На него испуганно оглянулась Галочка. Сомов успокоил её улыбкой.

— Все правильно. — И прибавил, потешаясь: — Может, и меня заодно отгулять?

Теперь его увидели все, всполошились, и только на одутловатом лице жены не было ни растерянности, ни удивления.

— Подкрался, — сказала.

А её помощницам было неловко перед ним, они зарделись, и это очень шло им.

Сомов не унимался.

— А что, неплохо б погулять на собственных поминках. А, мать? А то ведь несправедливо: чествуют человека, а человека нет.

Женщины конфузливо улыбались, Люба же, как ни в чем не бывало, продолжала крошить что-то. В беседку влетела Ляля Берковская — шумная, накрашенная, с букетом роскошных роз. Слегка понизив для приличия голос, тараторила о своём, а Сомов следил за ней глазами и улыбался.

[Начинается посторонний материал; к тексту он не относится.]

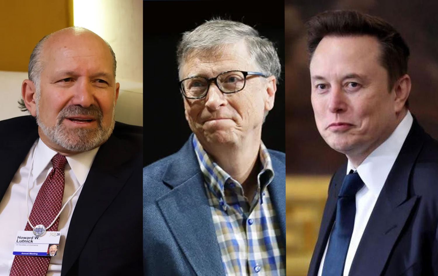 ئیلۆن مەسک، خاوەنی تێسلا؛ بیڵ گەیتس، خاوەنی مایکرۆسۆفت و هاوارد لووتنیک، وەزیری بازرگانیی ئیدارەی ترەمپ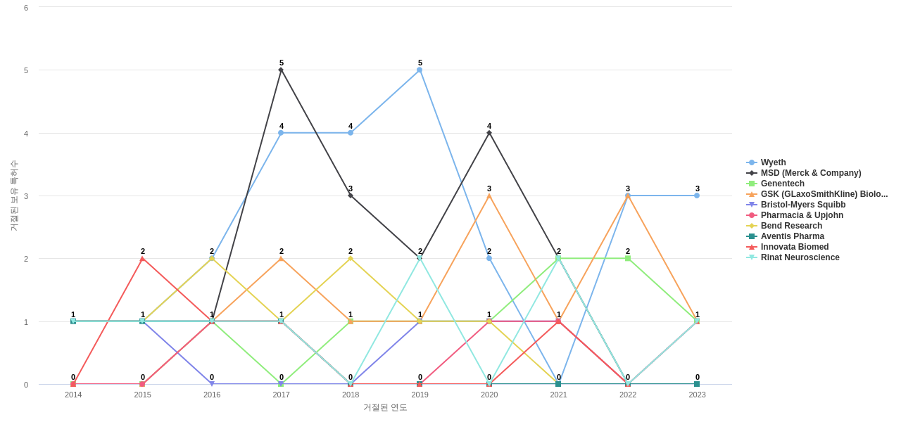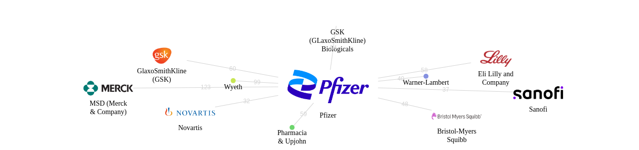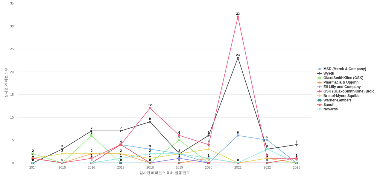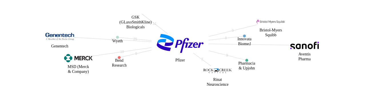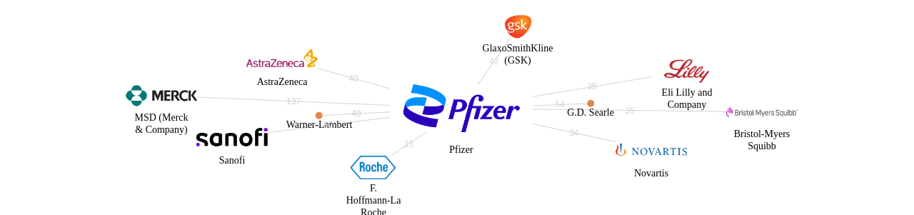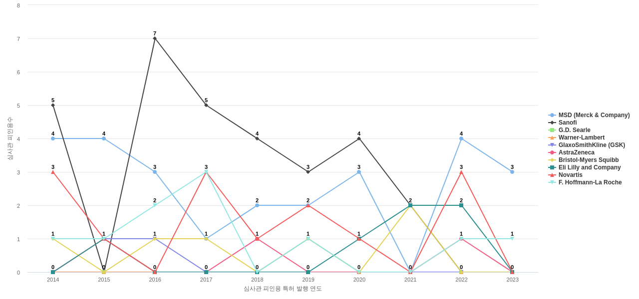 이 기업 보유 선행 특허가 받은 심사관 피인용수가 많은 관련 기업에는 1위 MSD (Merck & Company)(137회), 2위 Sanofi(62회), 3위 G.D. Searle(54회) 등이 있습니다.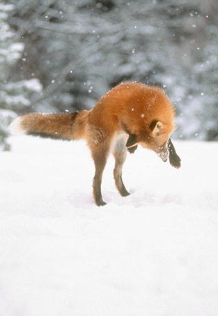 Зимним днем на заснеженном поле иногда можно увидеть своеобразное представление, которое лисица устраивает отнюдь не из "любви к искусству . Это — мышкование, очень характерный для лисицы способ охоты на мышевидных грызунов, устраивающих под снегом зимние гнезда.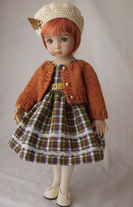 My Little Darling, Gina, is all ready for fall in her prettily colored plaid dress and crocheted beret. When the days start cooling off a bit she has a coordinating wool sweater to throw on for a bit of warmth. She especially wants to show you her new charm bracelet. She thinks that all of the different colored gemstone beads are so wonderful. For more information and additional pictures of this ensemble please visit cindyricedesigns.com.

— Здравствуй, Ляля. Ты на свадьбу?

На мгновенье Ляля обмерла.

— Дядя Паша! — Бросилась к нему, расцеловала. Ничего не боялся этот дьявол в юбке, а уж каких-то там палочек Коха — тем более. Жизнь ого как трепала её — и мужа сажали, и квартиру обворовывали, и сама под машину попадала — дважды! — но держалась молодцом, и Сомов любил её за это — пожалуй, единственную из всей многочисленной Любиной родни.